3. Be Aware of Your Personal Finances
One way to avoid additional strain is to keep your business finances separate from your personal expenses. It’s important that you’re not dipping into various personal savings accounts as you cannot guarantee the time it will take for your business to earn that money back. Also, there is an advantage to maintaining business accounts for tax purposes, writing off expenses, and deductions. Legally, these are considered separate entities and logically they should stay in their separate streamline to receive the most benefit. Don’t forget to pay yourself either. This is often overlooked by entrepreneurs and might be easy to do starting out, but upon expansion, it’s important that your money is organized and accounted for.
4. Consolidate If Possible
Credit card debt and high-interest rates are doing your business finances no favors. According to a survey on American credit card debt, 41.2% of all households carry some sort of credit card debt. That is a pretty astounding, yet not surprising percentage. Unfortunately, people are not typically in debt for a short period of time. Instead, this debt often builds and slowly becomes a lifelong issue due to interest rates and unexpected life situations that occur.
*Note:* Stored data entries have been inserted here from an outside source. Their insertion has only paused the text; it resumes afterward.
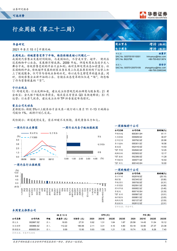 【华泰证券】【20210815】商业贸易行业周报(第三十二周)-12页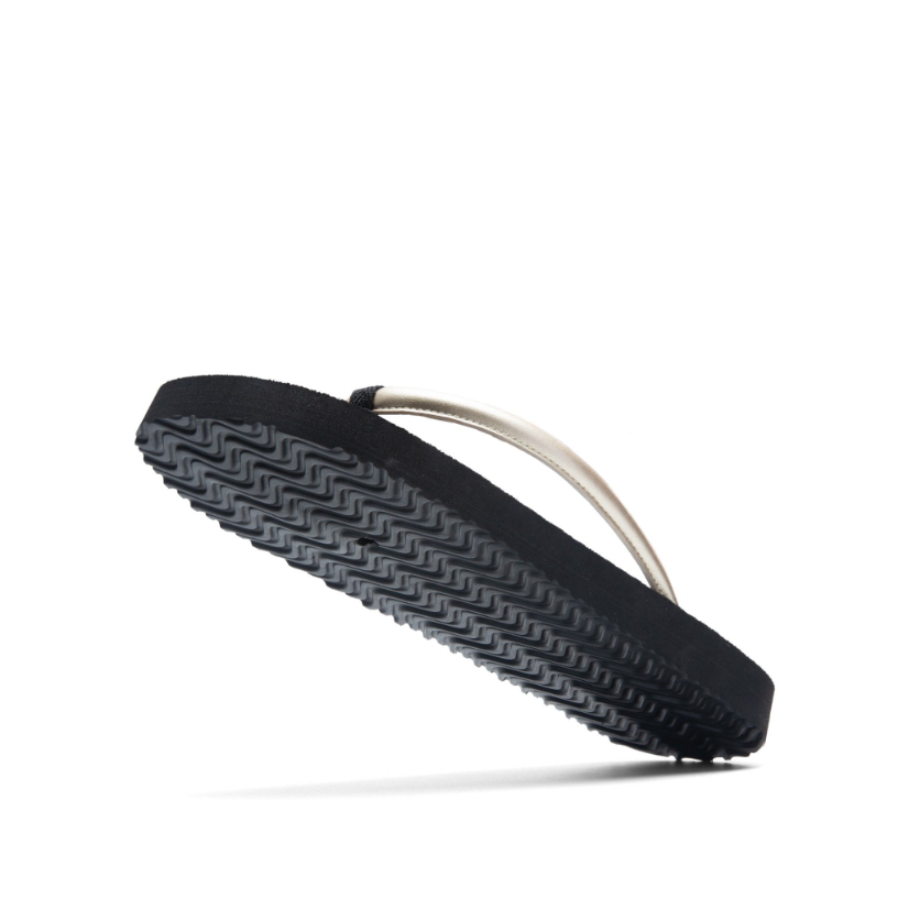 Thiết kế: • Phong cách tối giản nhưng tinh tế, quai dép ánh kim sang trọng tạo điểm nhấn nổi bật. • Form dép gọn gàng, phù hợp với dáng chân nữ, giúp tôn lên đôi chân thon dài.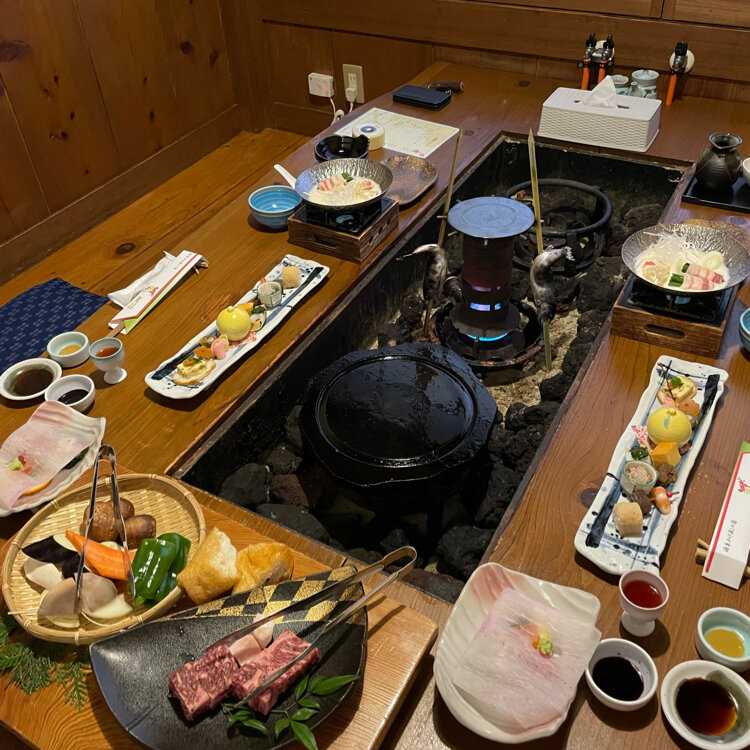 夕食はお部屋食。4名様以上のお客様は個室会場にて・ご宿泊者無料(当日予約制)の貸切風呂有り。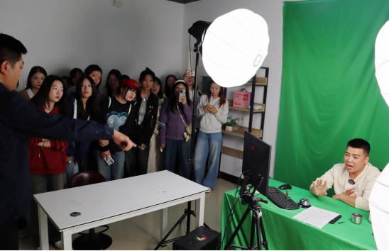 在公司直播间整体运营负责人程飞鸿的带领和讲解下,学生们分批次分别参观了制片室、直播间等新媒体办公区域,亲自观看了直播间的各项设施和流程,对电商带货直播有了更加直观的认识。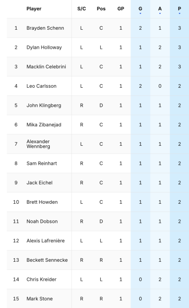 Dans la victoire des Canards, Leo Carlsson (deux buts), Cutter Gauthier (deux passes), Chris Kreider (deux passes), Beckett Sennecke (un but et une passe) et Ryan Strome (deux passes) ont chacun récolté deux points.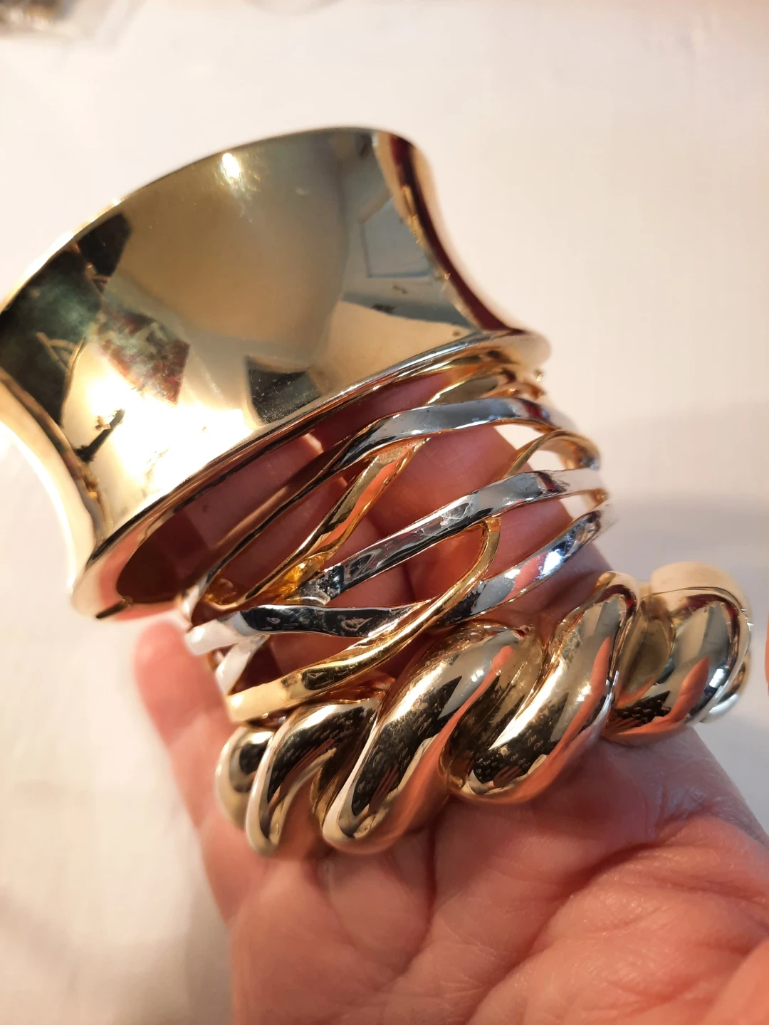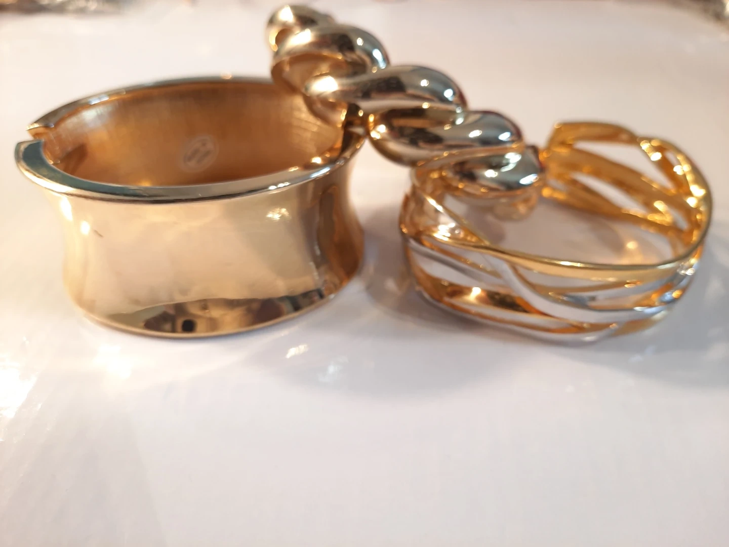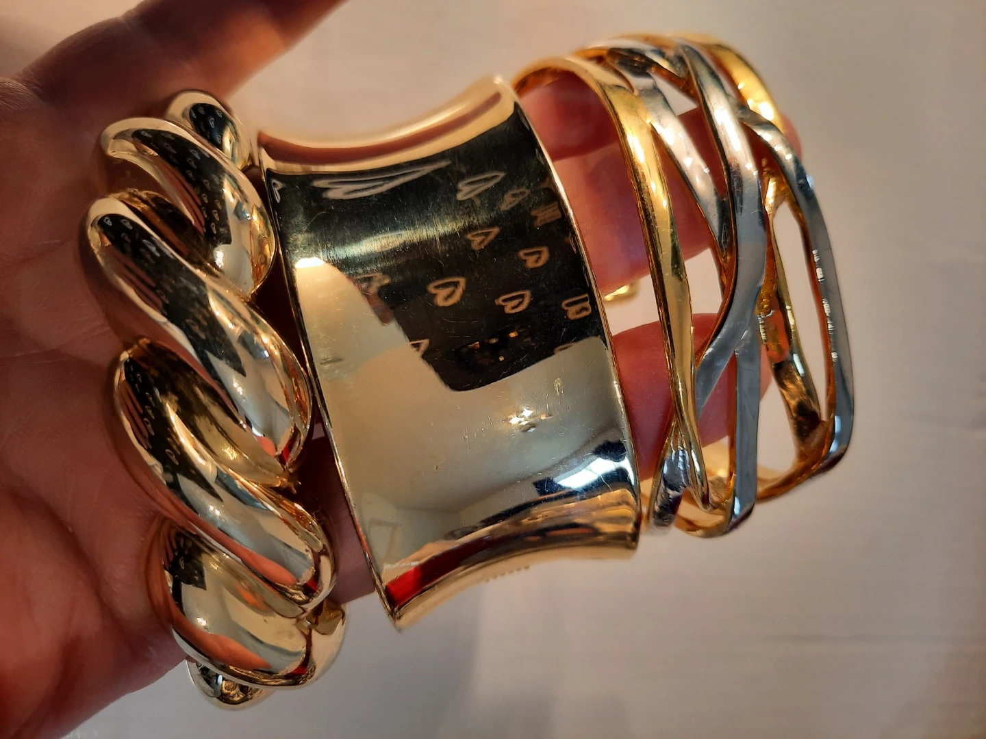Three stylish gold-tone bracelets. Includes a wide cuff, a twisted rope design, and a wavy layered cuff. These pieces add a bold statement to any outfit!2 of them open to put it trough.

It’s important to determine if consolidating your debt could help you reorganize and create a manageable payment structure moving forward as an entrepreneur.
5. Create Supplemental Income Streams
Instead of putting all your eggs in one basket, you might want supplemental income opportunities to help ease your debt burden. Having some additional income that you can put directly towards your business expenses might help you feel more relaxed and therefore motivated to continue on this path. Determine if the benefits of having some type of alternative money stream will serve you and be worth the additional time and effort. Consider your strengths and interests and find a side hustle that might pique your interest. Utilize your network, ask those you’re connected with for business opportunities or if they can connect you with someone else.
6. Look for Ways Save
Even when you’re debt-free, you should always be thinking of new ways to save money without making life-altering changes. Small, daily actions like paying attention to how much you spend on gas, groceries, and entertainment can help reduce your monthly spend. Make sure your utilities and appliances are operating at peak levels and not costing you more than their worth. Keep an eye on the market and recognize if your mortgage or rent is more than you can afford.
If you’re an entrepreneur facing financial trouble, it’s not too late to get your feet back on the ground and grow your business to its full potential. Debt relief and prevention require you to take matters into your own hands and realize your financial responsibility for your business growth or failure. With the appropriate attention, budget adjustments and actionable changes, you can set your business up to thrive in a competitive market that can lead to great rewards.